Why Xcode And Not Visual Studio(2012)

Hello there fellow programming enthusiast,

So you’ve heard that there has been a new standard(well. not so new) called C++11(ISO blah bla.11) and you are excited to try it on. And you fire your favorite IDE (Visual Studio of course!) and type some code like this amaaaazing nugget right here:


Alright, hit F7. What, it doesn’t compile? OK, you install the latest service pack. Still no go?

Maaan. You try to check the C++ settings. What? No settings for C++11? Oops.

Now go to Xcode 5. The latest free IDE from Apple.

Copy paste it. Boom, it compiles. Why, you ask? Because Xcode uses the latest clang with all that C++11 goodness.

Now, arguably some of those new and fancy C++11 features already existed in Objective-C but the target audience of that language is somewhat limited to OS X and iOS developers. There is an open source SDK, GNUStep that can be used on Windows and Linux but what’s really the point at the moment when you can write portable C++(11!) code?

Yes, Xcode has been slow to make developing in C++ and not ObjC more fun but Xcode 5 finally properly indexes C++ code and provides improved variable inspection at runtime. Even for STL objects.

Yes, Xcode uses the best open source compiler at the moment with some modifications (Apple LLVM 5.0 is actually a clang 3.3). You might be inclined to say “hey, they didn’t do any work at all”. But they did, not only they integrated the compiler and the debugger beautifully but they also include CPU and GPU profiling tools out of the box. Something that Microsoft will never do. At least not for free.
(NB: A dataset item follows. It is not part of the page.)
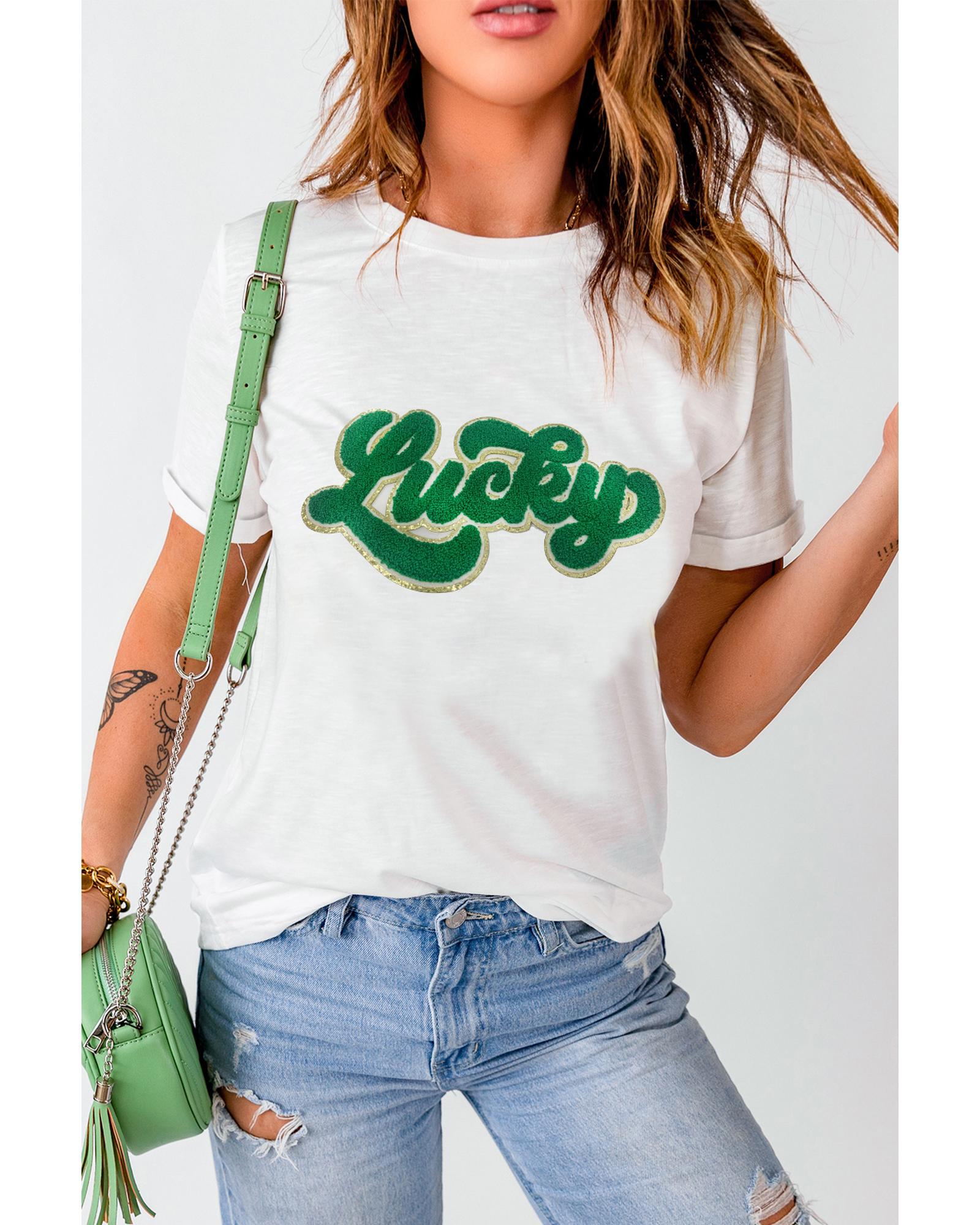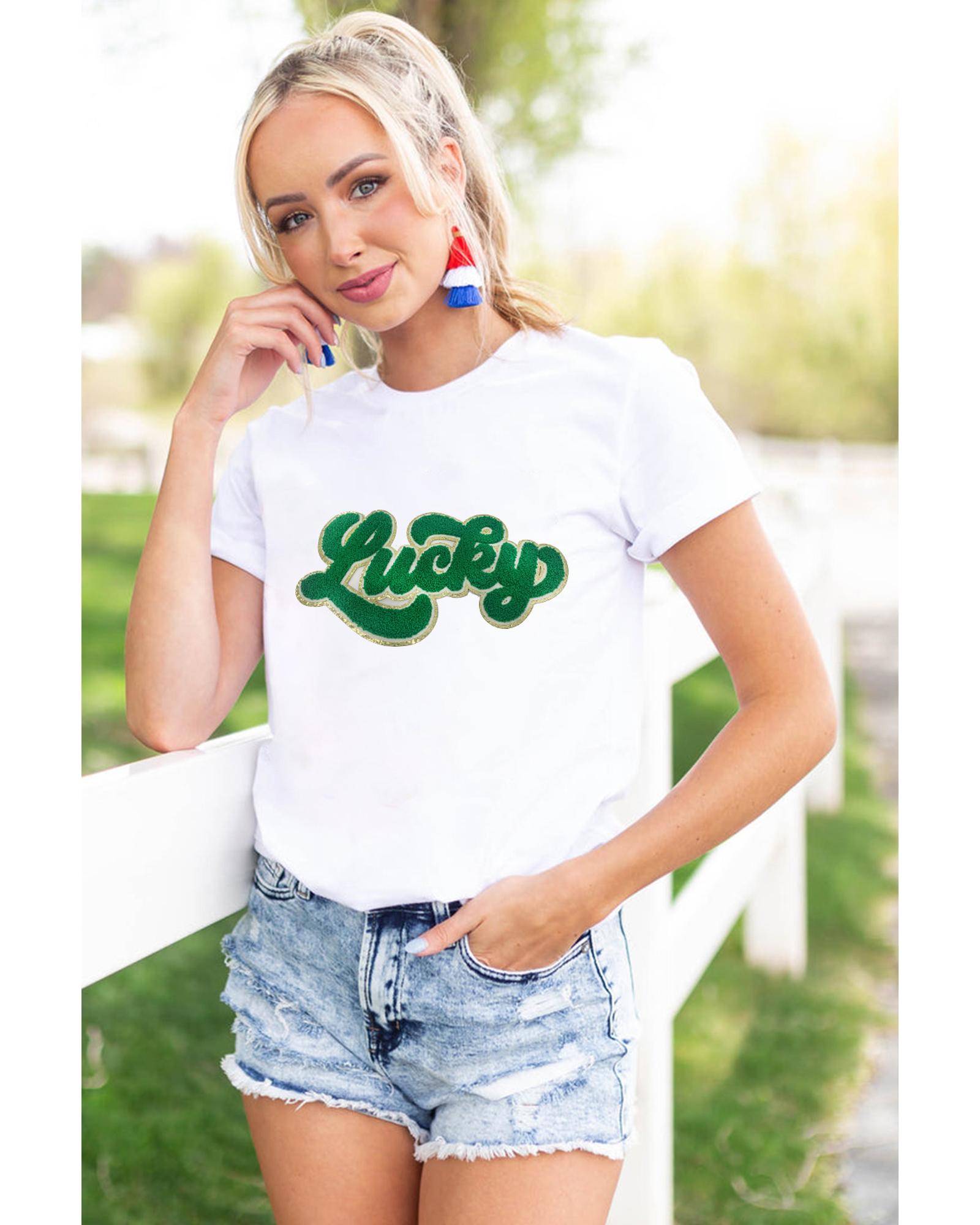 White St. Patrick Lucky Chenille Glitter Patched Graphic T Shirt – XL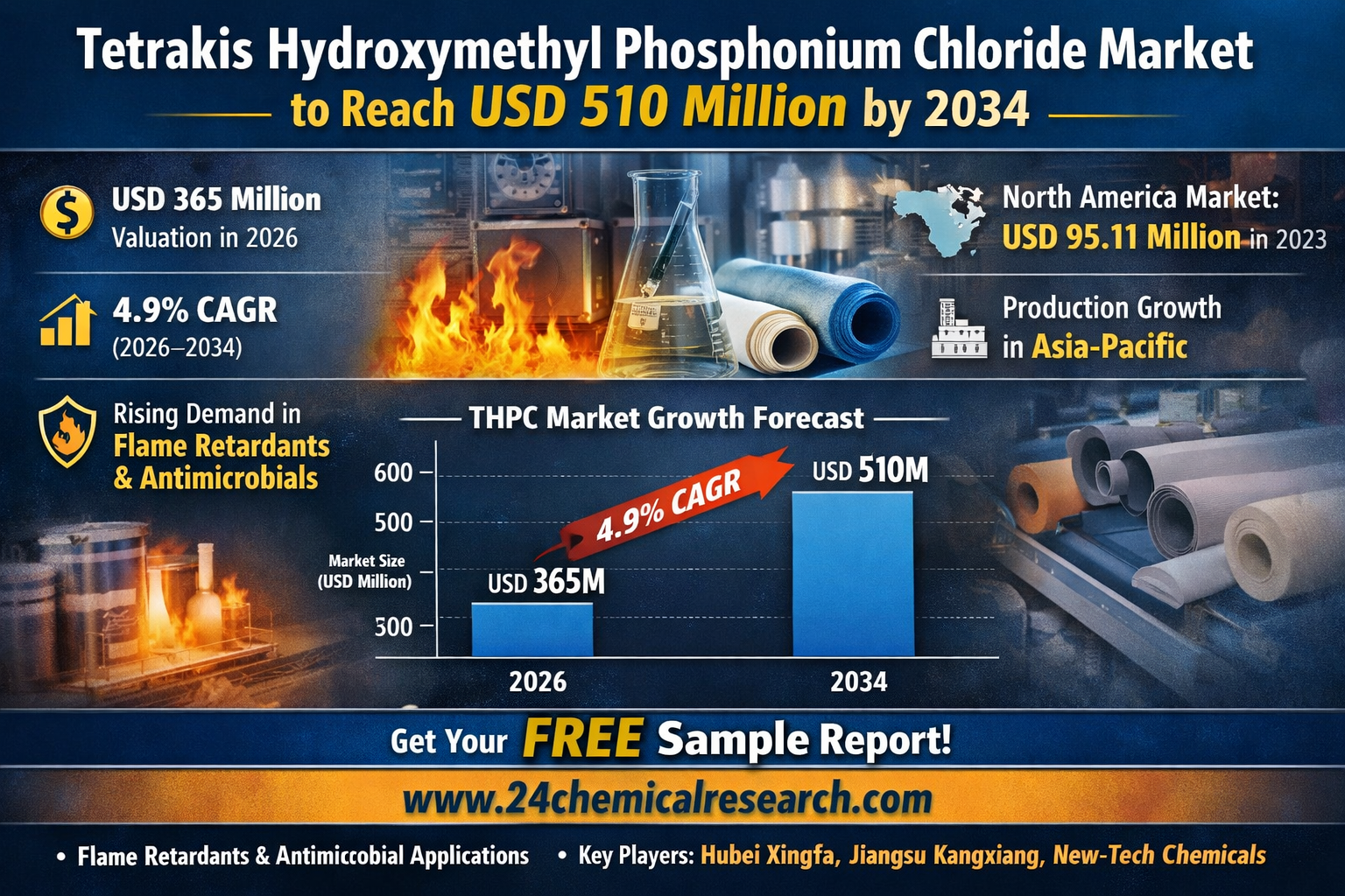 Global Tetrakis Hydroxymethyl Phosphonium Chloride (THPC) market continues to demonstrate steady growth, with its valuation reaching USD 365 million in 2026. According to the latest industry analysis, the market is projected to grow at a CAGR of 4.9%, reaching approximately USD 510.18 million by 2034. This growth is largely fueled by increasing applications in flame retardants and preservatives across multiple industries.

So, sorry Microsoft, your compiler is somewhat outdated and your IDE offers for a premium features that others do for free.

BTW, I easily developed a GUI application in Xcode that is cross-platform using wxWidgets.


From the 2013 WWDC I got the impression that Apple is working very hard in providing developers with an all-in-one package for their needs. And they are also targeting game developers with their game centric features like Asset Catalogs or SpriteKit.

Take it from a once Visual Studio fan(but also an Eclipse follower too), Visual Studio is not the end all IDE, it doesn’t even support C++11 properly!